■ **PROBLEM**:
Look below for the line that has "通過PLM、ERP、CRM、"; output exactly from it through the line that has "Step out with", and leave the pictures out.

■ **EXERCISE DATA**:
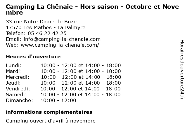 1 Camping La Chênaie - Juillet et Août (Distance: 0,00 km) 33 rue Notre Dame de Buze, 17570 Les Mathes août, camping, chênaie, en, et, juillet, la, loisirs, réception, tourisme, vacances 2 Camping La Chênaie - Basse saison (Distance: 0,00 km) 33 rue Notre Dame de Buze, 17570 Les Mathes - La Palmyre avril, basse, camping, chênaie, en, et, juin, la, loisirs, mai, réception, saison, septembre, tourisme, vacances 3 Zoo La Palmyre - Du 1er octobre au 31 mars (Distance: 4,52 km) 6 Avenue de Royan Les Mathes, 17570 Les Mathes 1er, 31, ancien, art, au, chateau, du, et, exposition, histoire, la, livre, mars, monument, musee, musée, octobre, office, palmyre, zoo 4 Office de Tourisme - Octobre à Mars (Distance: 4,88 km) 1 Boulevard Pasteur, 17390 La Tremblade de, divers, détail, magasins, mars, municipal, nra, octobre, office, tourisme 5 Azureva Village vacances - Avril à octobre (Distance: 8,18 km) 17 Avenue des Erables, 17390 La Tremblade avril, azureva, hebergement, octobre, vacances, village 6 Office de Tourisme - octobre (Distance: 9,39 km) 5 route de Plordonnier, 17113 Mornac Sur Seudre de, horaires des musées, octobre, office, restaurants, tourisme, transports |
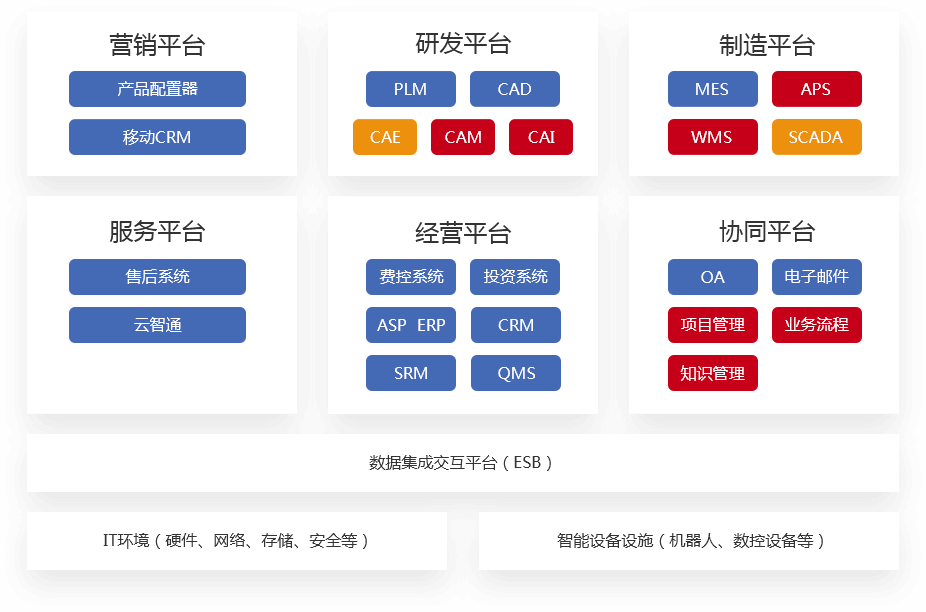 通過PLM、ERP、CRM、SCM和MES五大核心係統,從而實現車間設備、生產、人員、質量、物料、環境等方麵的全流程的智能化、綠色化和信息化管理。達到製造資源數字化、生產過程數字化、現場運行數字化、質量管控數字化、物料管控數字化、生產進度可視化、數據采集實時化、生產管理無紙化、生產物流精益化目標。
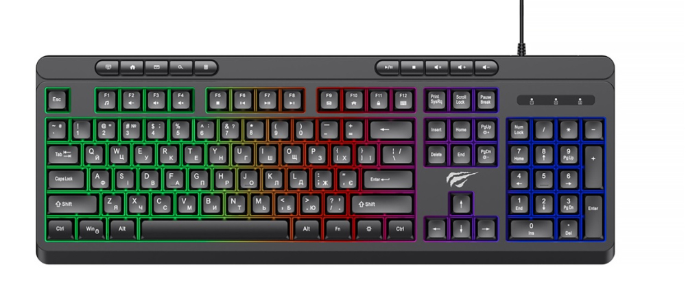 Тип: провідна, мембранна, кількість клавіш - 114, підсвітка: RGB, розміри: 449mm х 162mm х 38mm, довжина кабелю: 1.5м
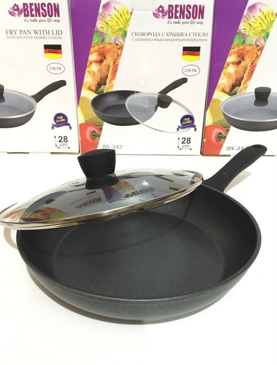 Сковорода з кришкою мармур покриття 24см BENSON BN-342 (8)
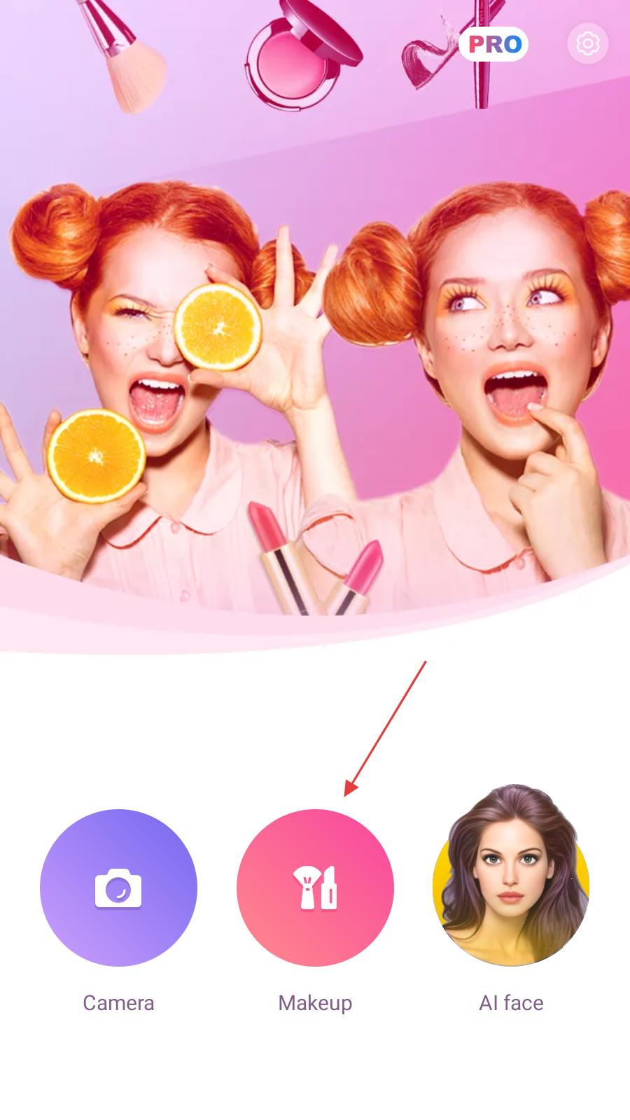 1、打开彩妆相机,点击【Makeup】,进入美妆功能界面。
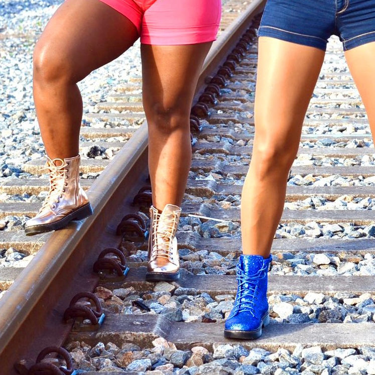 Step out with conviction in these super comfy (no breaking-in necessary), combat boot style, made for dancing, ok we think you can be a little bad-girl in them too.
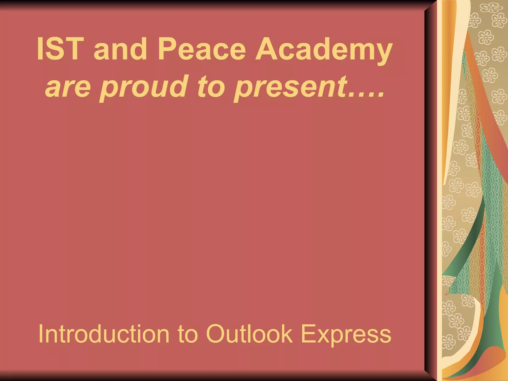 This document provides an introduction and overview for a class on setting up and using Outlook Express. The class will cover running the Outlook Express wizard to set up an email account, the basic functions of Outlook Express, and reviewing questions from students. It lists the instructor's contact information and outlines the topics to be discussed, including setting up an account using the wizard, the different types of email boxes, and starting fresh after initial setup. Students are encouraged to submit any additional questions.
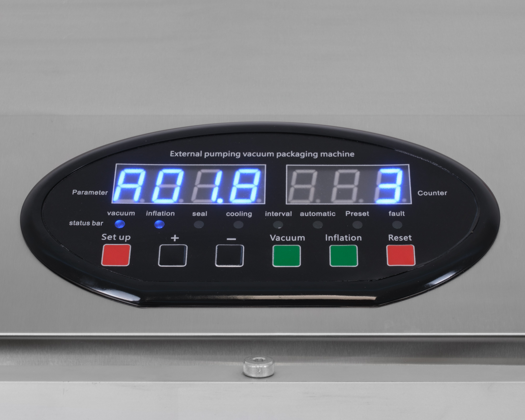 Všechny parametry procesu (čas svařování, vakuování i plnění plynem) lze nastavit v širokém rozmezí 0,1–99 sekund s jemným krokem po 0,1 s. Čas dochlazování sváru je nastavitelný samostatně od 4 do 99 sekund, rovněž v krocích po 0,1 s. Díky tomu lze proces přesně přizpůsobit různým obalovým materiálům i typům výrobků.

■ **TASK RESPONSE**:
 通過PLM、ERP、CRM、SCM和MES五大核心係統,從而實現車間設備、生產、人員、質量、物料、環境等方麵的全流程的智能化、綠色化和信息化管理。達到製造資源數字化、生產過程數字化、現場運行數字化、質量管控數字化、物料管控數字化、生產進度可視化、數據采集實時化、生產管理無紙化、生產物流精益化目標。
 Тип: провідна, мембранна, кількість клавіш - 114, підсвітка: RGB, розміри: 449mm х 162mm х 38mm, довжина кабелю: 1.5м
 Сковорода з кришкою мармур покриття 24см BENSON BN-342 (8)
 1、打开彩妆相机,点击【Makeup】,进入美妆功能界面。
 Step out with conviction in these super comfy (no breaking-in necessary), combat boot style, made for dancing, ok we think you can be a little bad-girl in them too.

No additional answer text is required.